= 2022 AFC Champions League qualifying play-offs =

Football tournament qualification stage

The 2022 AFC Champions League qualifying play-offs were played from 8 to 15 March 2022. A total of 16 teams competed in the qualifying play-offs to decide seven of the 40 places in the group stage of the 2022 AFC Champions League.

==Teams==
The following 14 teams, split into two regions (West Region and East Region), entered the qualifying play-offs, consisting of two rounds:
- 2 teams entered in the preliminary round.
- 12 teams entered in the play-off round.

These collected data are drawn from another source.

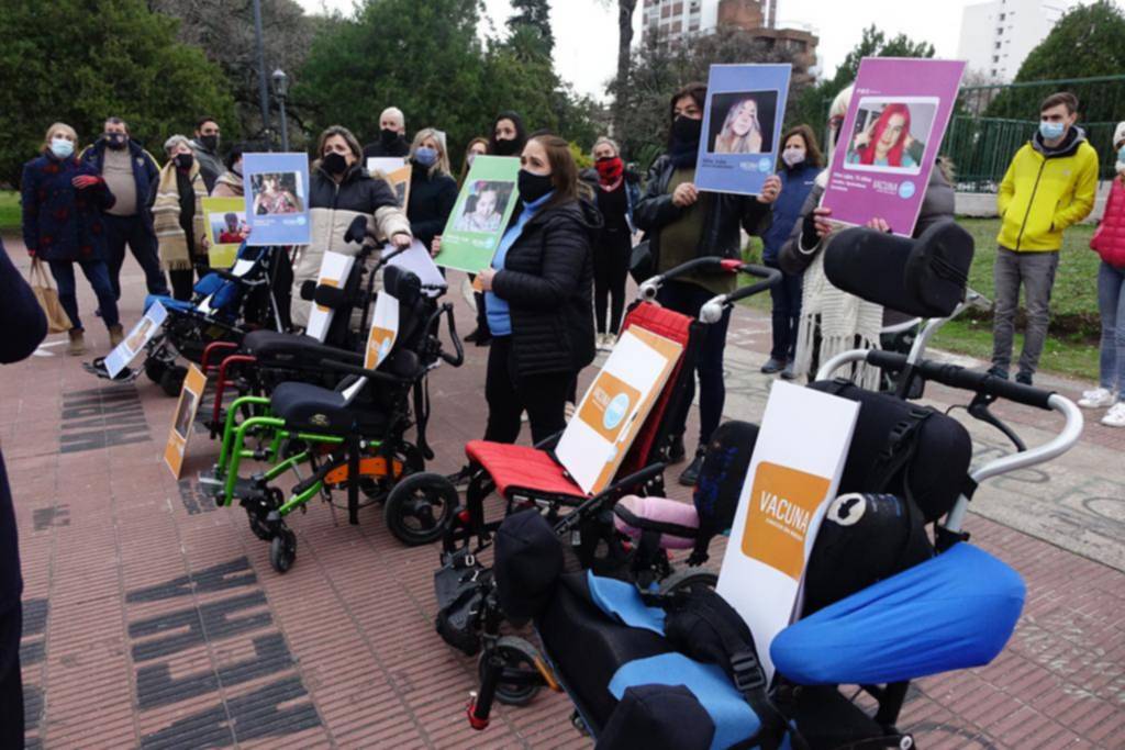 Los padres se convocaron en la Plaza San Martín con las sillas de ruedas vacías porque, aclararon, sus hijos no pueden acompañar el reclamo por pertenecer a grupos de riesgo. “Nos unimos para exigir la aprobación de un proyecto de ley que habilita al gobierno de la Provincia de Buenos Aires a comprar la vacuna Pfizer para menores de 18 años con patologías de riesgo”, se explicó.
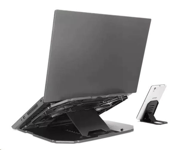 Stojan na notebook Lenovo 2 v 1 byl navržen tak, aby řešil dvě nepříjemné rozptýlení v jednom: přehřátí notebooku a bolestivé posezení u notebooku. Robustní neklouzavý stojan umožňuje ergonomicky naklonit notebook a telefon, aby se zabránilo bolestem zad a napětí, zatímco větrací otvory zlepšují jeho chlazení. Klíčové vlastnosti *Ergonomický design s 10 úrovněmi nastavení od 0 do 54 stupňů *Další stojan na mobilní telefon pro multitasking *Odolná, lehká konstrukce s protiskluzovými gumovými povrchovými podložkami pro stabilní psaní *Čtvercový a dutý vyřezávaný design pro lepší proudění vzduchu a výkon *Skládací stojan, který můžete použít všude, kam vás život zavede *Podpora notebooků do 15 palců Technické parametry *Rozměry: 290,6 x 265,6 x 15,1 mm *Hmotnost: 522 g *Barva: Černá
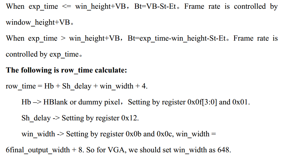 如果曝光时间超过win_height+VB,也就是在曝光没有在正常的一帧时间内完成,那么肯定需要继续曝光,帧时间由曝光时间确定。帧同步无效时间=曝光时间-win_height-启动时间-结束时间。
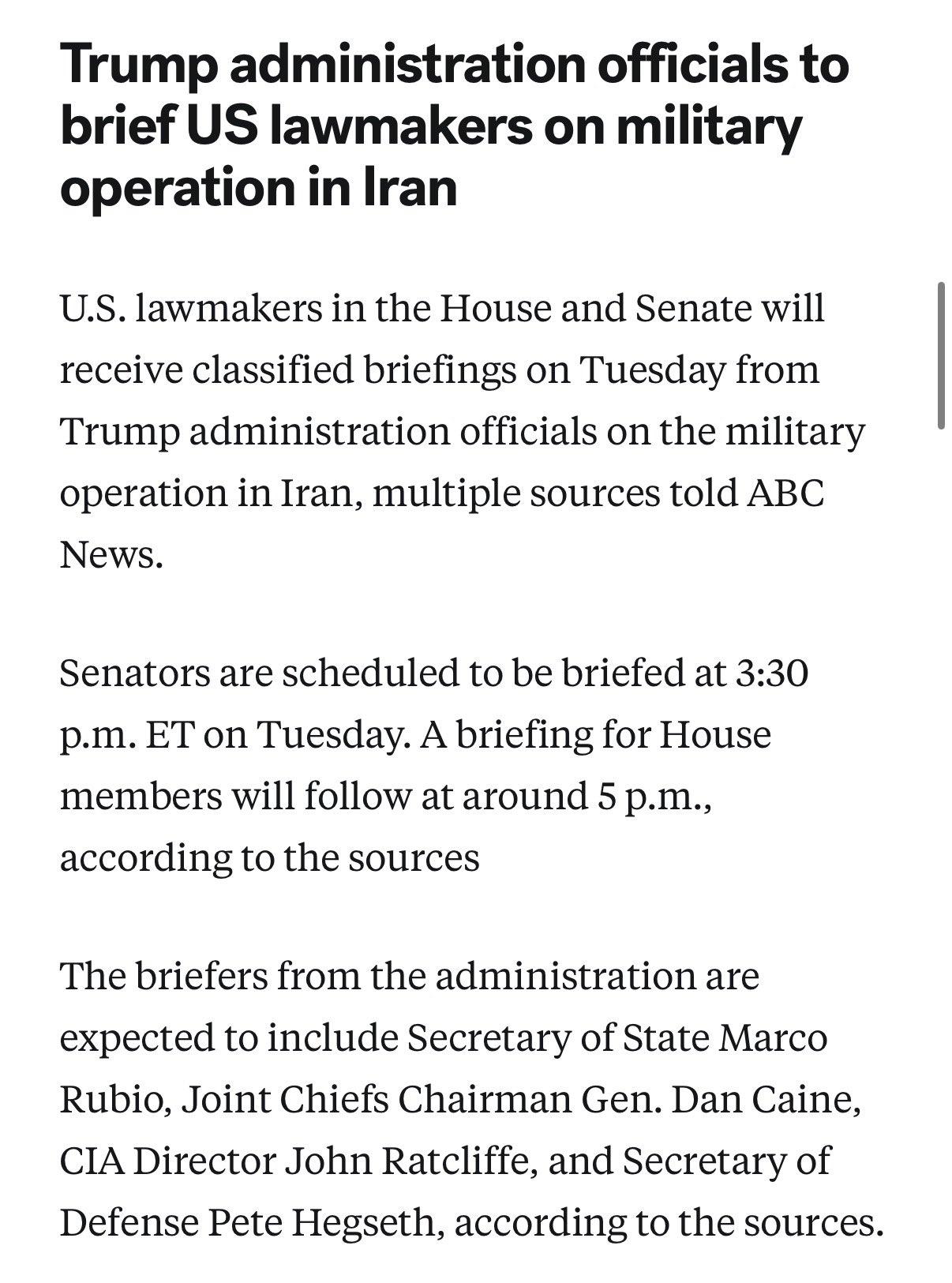 美国广播公司:美国众议院和参议院议员将于周二听取有关伊朗军事行动的机密简报。参议员将于美国东部时间下午3:30开会,众议院将于美国东部时间下午5:00开会。预计国务卿马可·卢比奥、参谋长联席会议主席丹·凯恩将军、中央情报局局长约翰·拉特克利夫和皮特·赫格塞斯将出席简报会。 ABC: U.S. lawmakers in the House and Senate will receiveified briefings Tuesday on the Iran military operation. Senators meet at 3:30 p.m. ET, followed by the House at 5 p.m. ET. Sec. of State Marco Rubio, Joint Chiefs Chair Gen. Dan Caine, CIA Director John Ratcliffe and Pete Hegseth are expected to brief.

| Region | Teams entering in play-off round | Teams entering in preliminary round |
|---|---|---|
| West Region | Al-Taawoun; Baniyas; Sharjah; Al-Zawraa; Nasaf Qarshi; Al-Jaish; |  |
| East Region | Changchun Yatai; Vissel Kobe; Ulsan Hyundai; Daegu FC; Buriram United; Port; Melbourne Victory; | Melbourne Victory; Sydney FC; Kaya FC–Iloilo; Shan United; |

==Format==

In the qualifying play-offs, each tie was played as a single match. Extra time and penalty shoot-out were used to decide the winner if necessary.

==Schedule==
The schedule of each round was as follows.

| Round | Match date |
|---|---|
| Preliminary round | 8 March 2022 |
| Play-off round | 15 March 2022 |

==Bracket==

The bracket of the qualifying play-offs for each region was determined based on each team's association ranking and their seeding within their association, with the team from the higher-ranked association hosting the match. Teams from the same association could not be placed into the same tie. The seven winners of the play-off round (three from West Region and four from East Region) advanced to the group stage to join the 33 direct entrants.

===Play-off West 1===
- Al-Taawoun advanced to Group D.

===Play-off West 2===
- Nasaf Qarshi advanced to Group E.

===Play-off West 3===

- Sharjah advanced to Group A.

===Play-off East 1===
- Sydney FC advanced to Group H.

===Play-off East 2===
- Vissel Kobe advanced to Group J.

===Play-off East 3===
- Ulsan Hyundai advanced to Group I.

===Play-off East 4===
- Daegu FC advanced to Group F.

==Preliminary round==
===Summary===

A total of two teams played in the preliminary round.

East Region
| Team 1 | Score | Team 2 |
|---|---|---|
| Sydney FC | 5–0 | Kaya–Iloilo |
| Melbourne Victory | Cancelled | Shan United |

===East Region===

Sydney FC 5-0 Kaya–Iloilo
  Sydney FC: Buhagiar 30', Bobô 47', 49' (pen.), Le Fondre 71', 81'

Melbourne Victory Cancelled Shan United

==Play-off round==
===Summary===
A total of 14 teams played in the play-off round: 12 teams which entered in this round, and two winners of the preliminary round.

West Region
| Team 1 | Score | Team 2 |
|---|---|---|
| Al-Taawoun | 1–1 (a.e.t.) (5–4 p) | Al-Jaish |
| Baniyas | 0–2 | Nasaf Qarshi |
| Sharjah | 1–1 (a.e.t.) (6–5 p) | Al-Zawraa |

East Region
| Team 1 | Score | Team 2 |
|---|---|---|
| Changchun Yatai | Cancelled | Sydney FC |
| Vissel Kobe | 4–3 (a.e.t.) | Melbourne Victory |
| Ulsan Hyundai | 3–0 | Port |
| Daegu FC | 1–1 (a.e.t.) (3–2 p) | Buriram United |

===West Region===

Al-Taawoun 1-1 Al-Jaish
  Al-Taawoun: Al-Nabit 81'
  Al-Jaish: Al Wakid 70'

Baniyas 0-2 Nasaf Qarshi
  Nasaf Qarshi: Nasrullayev 27', Norchaev 75'

Sharjah 1-1 Al-Zawraa
  Sharjah: Ba Wazir 89' (pen.)
  Al-Zawraa: Abdul-Amir 62'

===East Region===
Changchun Yatai Cancelled Sydney FC

Vissel Kobe 4-3 Melbourne Victory
  Vissel Kobe: Iniesta 6', Osako 80', 87', Lincoln 95'
  Melbourne Victory: D'Agostino 12', 71', Folami 90'

Ulsan Hyundai 3-0 Port
  Ulsan Hyundai: Choi Gi-yun 19', Um Won-sang 83', Leonardo 87' (pen.)